● **TASK STATEMENT**
Leaving out every picture, retype the lines below from the top through the one that contains "购买后获得祈福灯*10、豪华夺宝券*2、欢乐豆*1500、菜篮子*50".

● **RECORDS FOR THIS EXERCISE**
BEGIN
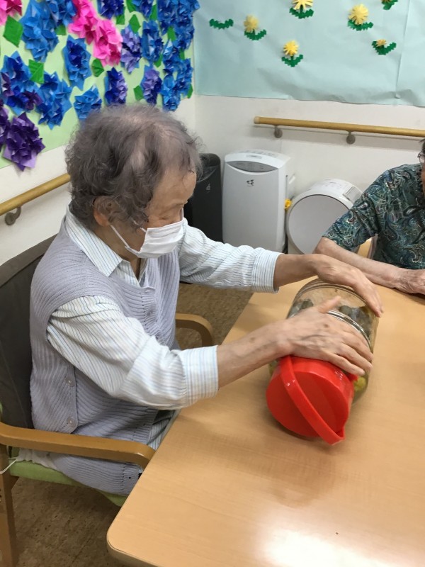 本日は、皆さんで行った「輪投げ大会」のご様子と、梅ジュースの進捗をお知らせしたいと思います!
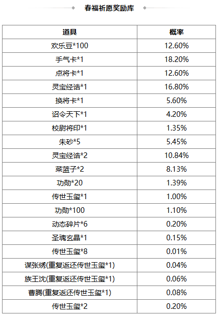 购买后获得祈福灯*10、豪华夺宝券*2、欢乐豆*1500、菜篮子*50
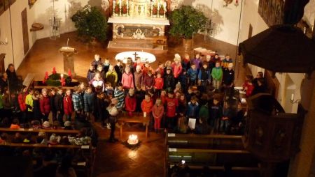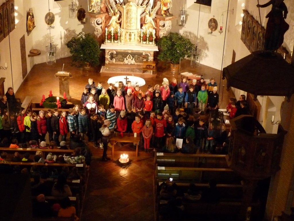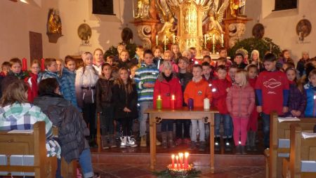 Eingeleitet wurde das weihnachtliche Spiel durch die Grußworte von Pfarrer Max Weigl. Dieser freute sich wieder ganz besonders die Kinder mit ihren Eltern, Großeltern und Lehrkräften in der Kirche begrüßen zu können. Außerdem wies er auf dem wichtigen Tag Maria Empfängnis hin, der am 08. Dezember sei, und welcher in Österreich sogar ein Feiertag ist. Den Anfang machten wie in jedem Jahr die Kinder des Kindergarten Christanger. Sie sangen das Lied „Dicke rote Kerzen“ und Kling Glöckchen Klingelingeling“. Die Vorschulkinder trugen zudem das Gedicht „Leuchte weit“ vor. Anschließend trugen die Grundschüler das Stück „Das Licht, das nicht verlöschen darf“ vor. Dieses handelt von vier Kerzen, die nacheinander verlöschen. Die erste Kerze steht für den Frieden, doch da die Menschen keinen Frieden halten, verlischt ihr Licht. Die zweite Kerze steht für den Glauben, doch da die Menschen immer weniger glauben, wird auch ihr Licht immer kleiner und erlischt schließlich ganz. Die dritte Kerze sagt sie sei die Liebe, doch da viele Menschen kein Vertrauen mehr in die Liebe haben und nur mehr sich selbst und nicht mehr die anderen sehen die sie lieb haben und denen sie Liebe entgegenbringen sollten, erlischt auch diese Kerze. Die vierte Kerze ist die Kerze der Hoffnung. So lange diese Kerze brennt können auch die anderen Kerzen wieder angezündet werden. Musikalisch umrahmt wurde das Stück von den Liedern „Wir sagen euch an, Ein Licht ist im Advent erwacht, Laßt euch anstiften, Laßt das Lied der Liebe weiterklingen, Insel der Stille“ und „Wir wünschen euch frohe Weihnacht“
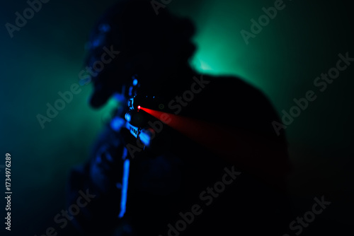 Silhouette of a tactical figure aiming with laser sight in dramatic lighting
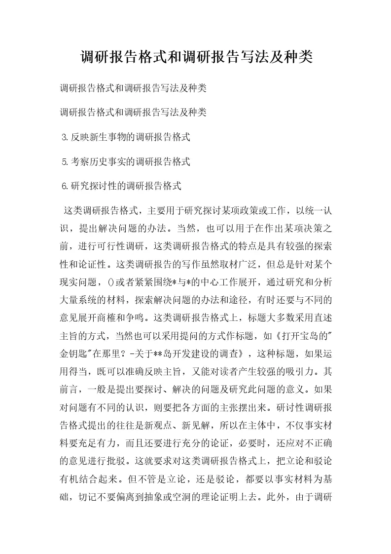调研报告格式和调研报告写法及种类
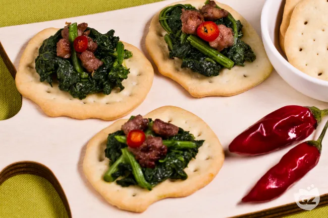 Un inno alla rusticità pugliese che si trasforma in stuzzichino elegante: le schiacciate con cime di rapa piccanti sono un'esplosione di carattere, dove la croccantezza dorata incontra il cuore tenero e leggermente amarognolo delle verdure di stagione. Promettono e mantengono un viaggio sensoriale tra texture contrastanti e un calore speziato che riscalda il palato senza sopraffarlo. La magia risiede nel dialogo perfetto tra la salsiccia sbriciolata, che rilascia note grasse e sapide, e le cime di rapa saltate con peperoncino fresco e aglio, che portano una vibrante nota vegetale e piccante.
END
● **SOLUTION FOR THIS PROBLEM**
 本日は、皆さんで行った「輪投げ大会」のご様子と、梅ジュースの進捗をお知らせしたいと思います!
 购买后获得祈福灯*10、豪华夺宝券*2、欢乐豆*1500、菜篮子*50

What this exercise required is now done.